*** Block opens ***

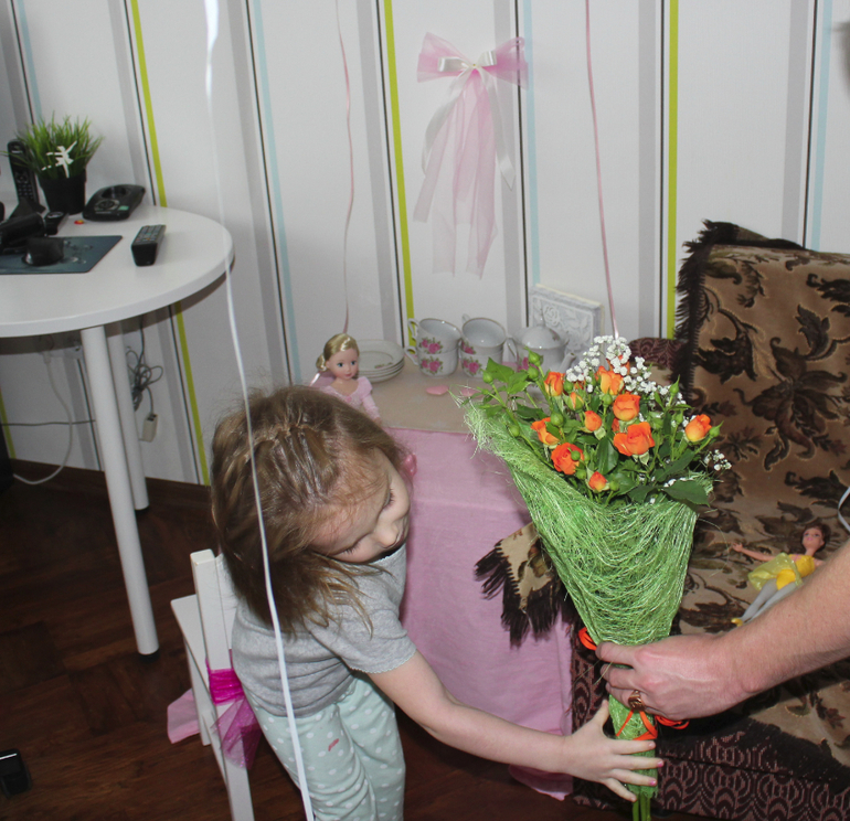 Папа наш каждый год дарит нам цветы! Это у нас уже, своего рода, традиция)
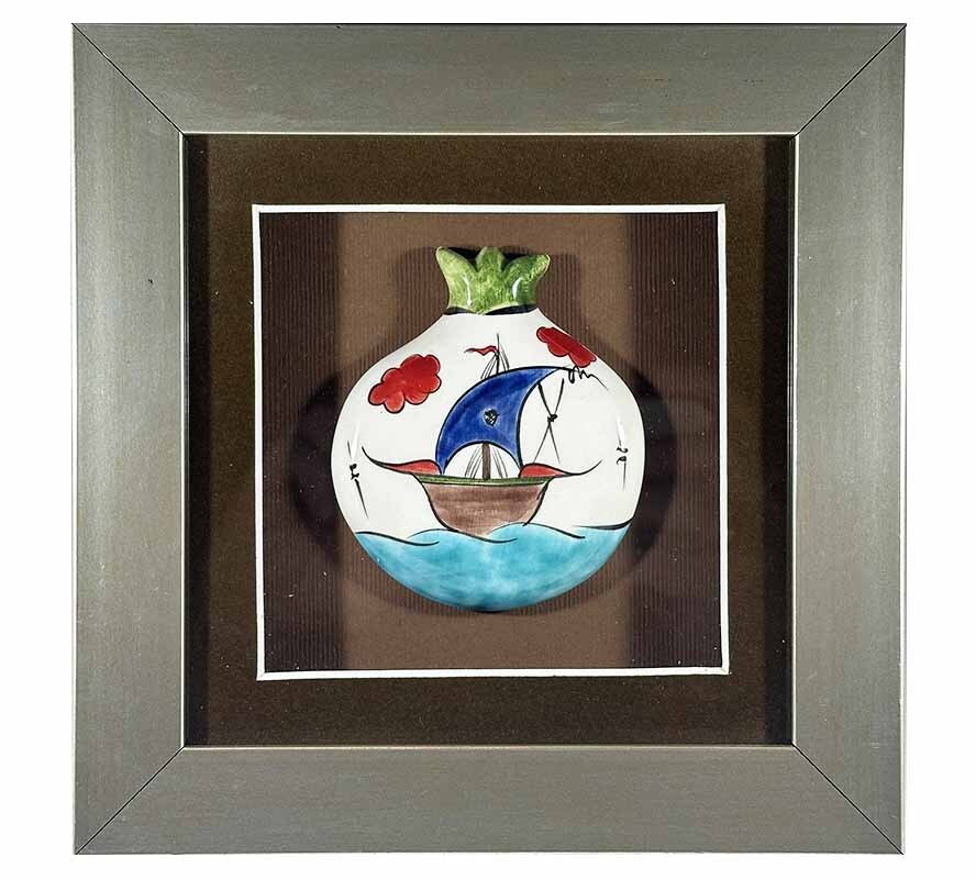 “Kalyon”, tarihî yelkenli gemi motifini narın bereket sembolüyle bir araya getiren özel bir İznik çini tasarımıdır. Mavi dalgalar üzerinde ilerleyen kalyon, canlı kırmızı bulutlar ve el yapımı detaylarla birleşerek sanat ve anlamı tek eserde buluşturur. Koyu paspartu, metalik çerçeve ve doğal çini dokusu ile hem modern hem klasik dekorasyonlara uygun zarif bir ürün ortaya çıkar.
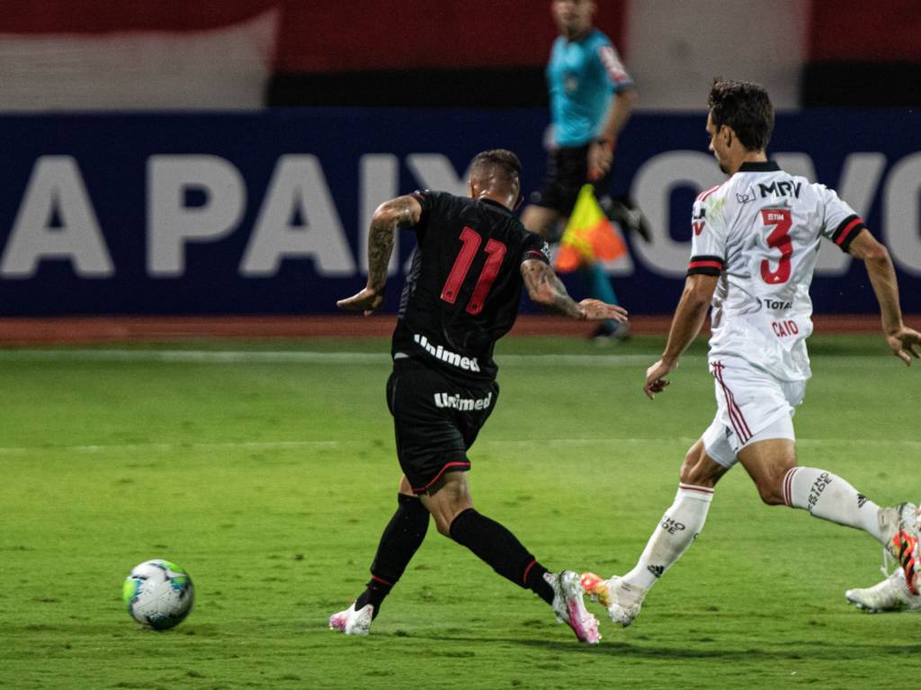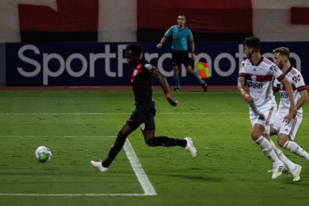 Com Rodrigo Caio improvisado na lateral direita, o Flamengo viu o Atlético dominar o primeiro tempo e abrir 2 a 0 após gols de Hyuri e Jorginho. Na etapa final, os donos da casa ainda ampliaram com Ferrareis.
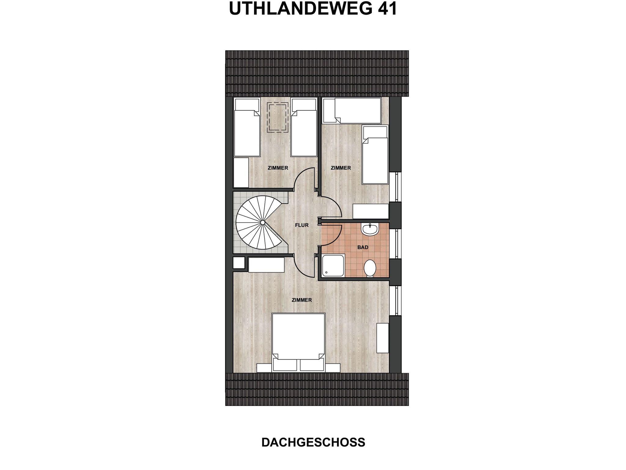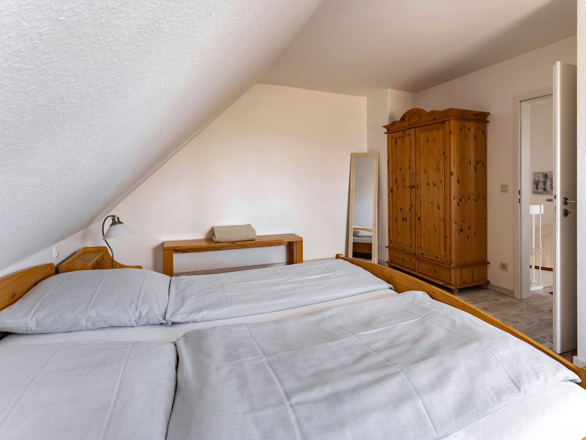 Im Obergeschoss befinden sich drei komfortable Schlafzimmer: Ein Zimmer mit einem Doppelbett sowie zwei weitere Zimmer mit jeweils zwei Einzelbetten. Zudem steht Ihnen auf dieser Etage ein zweites Badezimmer zur Verfügung.
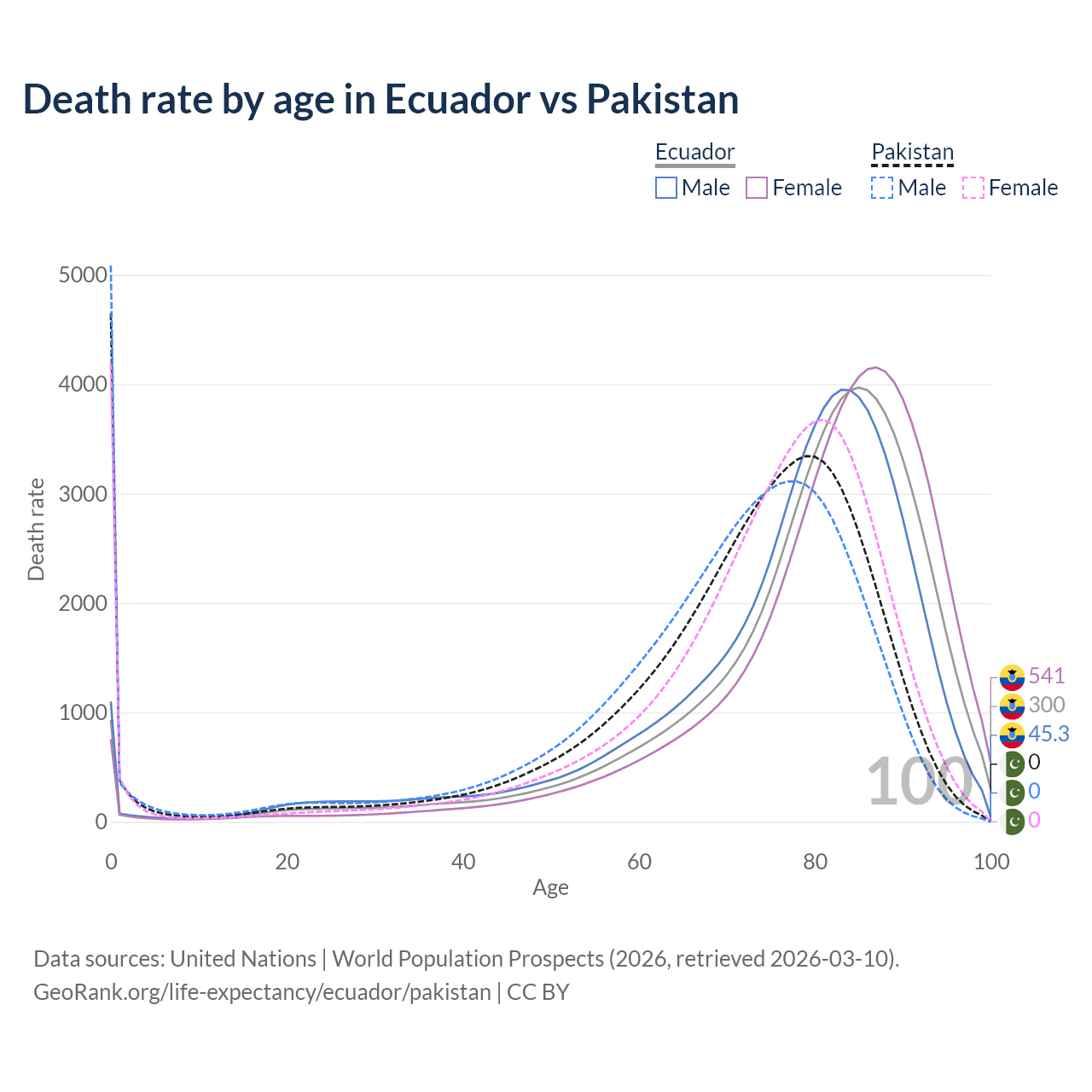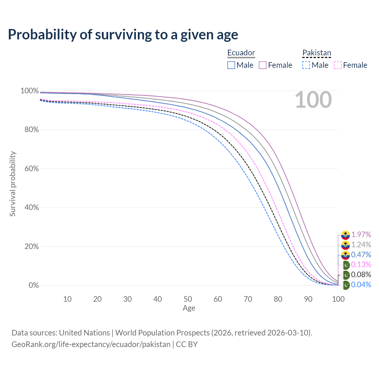 This life expectancy calculator shows the odds of living to 100, 95, 90, and below based on current age for both males and females in Ecuador and Pakistan, along with mean and median age of death. The calculations are based on the 2026 life tables (actuarial tables) from the UN World Population Prospects.
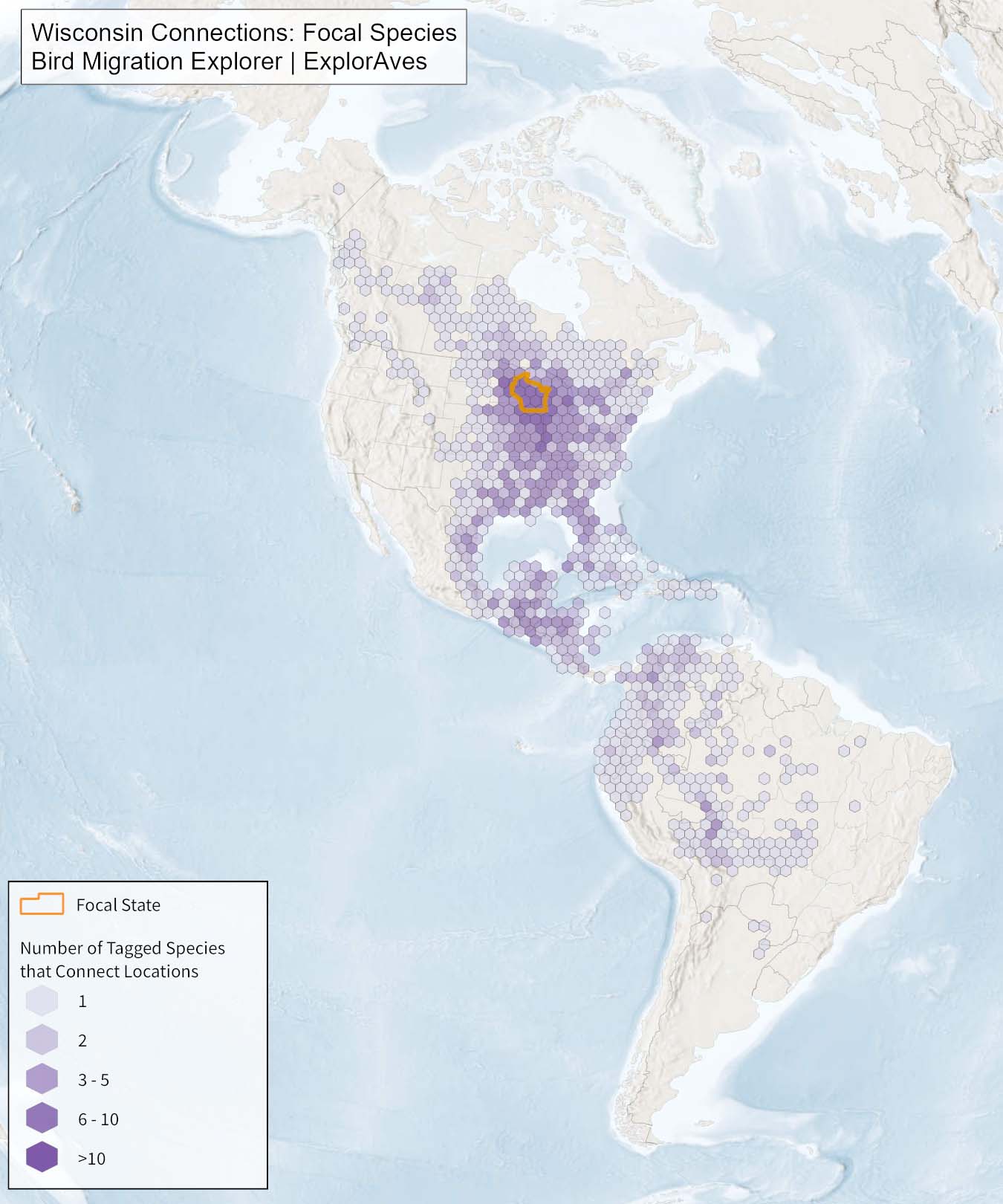 This map shows direct connections between Wisconsin and other locations across the Western Hemisphere based on tagging data available in the Bird Migration Explorer for the state’s migratory focal species. Connections are based on bird band encounter records, automated radio telemetry, archival geolocators, satellite and GPS tracking, or genetic markers that document the movement of individual birds. The map displays the number of migratory focal species that connect each location (hexagon) to Wisconsin. While these data offer valuable insight, they do not capture the complete picture of all connections because they only present available tagging data for the subset of species of concern identified by each state. The multi-species tagging connections map illustrates the need to protect, restore, enhance and manage safe habitat in locations connected to the state to ensure migratory species can access the resources they need across the full annual cycle. As individual birds travel between species’ summer (breeding) and winter (stationary non-breeding) ranges, they traverse geopolitical boundaries, underscoring the need for coordinated conservation efforts to maximize the return on conservation investments in Wisconsin. Additionally, multi-species connection maps illustrate Wisconsin's crucial role in safeguarding the migratory movements of these species.

*** Block closes ***

Exercise requirements | Output all of the records word for word, and keep the pictures out of the copy.

Answer for this exercise |
 Папа наш каждый год дарит нам цветы! Это у нас уже, своего рода, традиция)
 “Kalyon”, tarihî yelkenli gemi motifini narın bereket sembolüyle bir araya getiren özel bir İznik çini tasarımıdır. Mavi dalgalar üzerinde ilerleyen kalyon, canlı kırmızı bulutlar ve el yapımı detaylarla birleşerek sanat ve anlamı tek eserde buluşturur. Koyu paspartu, metalik çerçeve ve doğal çini dokusu ile hem modern hem klasik dekorasyonlara uygun zarif bir ürün ortaya çıkar.
 Com Rodrigo Caio improvisado na lateral direita, o Flamengo viu o Atlético dominar o primeiro tempo e abrir 2 a 0 após gols de Hyuri e Jorginho. Na etapa final, os donos da casa ainda ampliaram com Ferrareis.
 Im Obergeschoss befinden sich drei komfortable Schlafzimmer: Ein Zimmer mit einem Doppelbett sowie zwei weitere Zimmer mit jeweils zwei Einzelbetten. Zudem steht Ihnen auf dieser Etage ein zweites Badezimmer zur Verfügung.
 This life expectancy calculator shows the odds of living to 100, 95, 90, and below based on current age for both males and females in Ecuador and Pakistan, along with mean and median age of death. The calculations are based on the 2026 life tables (actuarial tables) from the UN World Population Prospects.
 This map shows direct connections between Wisconsin and other locations across the Western Hemisphere based on tagging data available in the Bird Migration Explorer for the state’s migratory focal species. Connections are based on bird band encounter records, automated radio telemetry, archival geolocators, satellite and GPS tracking, or genetic markers that document the movement of individual birds. The map displays the number of migratory focal species that connect each location (hexagon) to Wisconsin. While these data offer valuable insight, they do not capture the complete picture of all connections because they only present available tagging data for the subset of species of concern identified by each state. The multi-species tagging connections map illustrates the need to protect, restore, enhance and manage safe habitat in locations connected to the state to ensure migratory species can access the resources they need across the full annual cycle. As individual birds travel between species’ summer (breeding) and winter (stationary non-breeding) ranges, they traverse geopolitical boundaries, underscoring the need for coordinated conservation efforts to maximize the return on conservation investments in Wisconsin. Additionally, multi-species connection maps illustrate Wisconsin's crucial role in safeguarding the migratory movements of these species.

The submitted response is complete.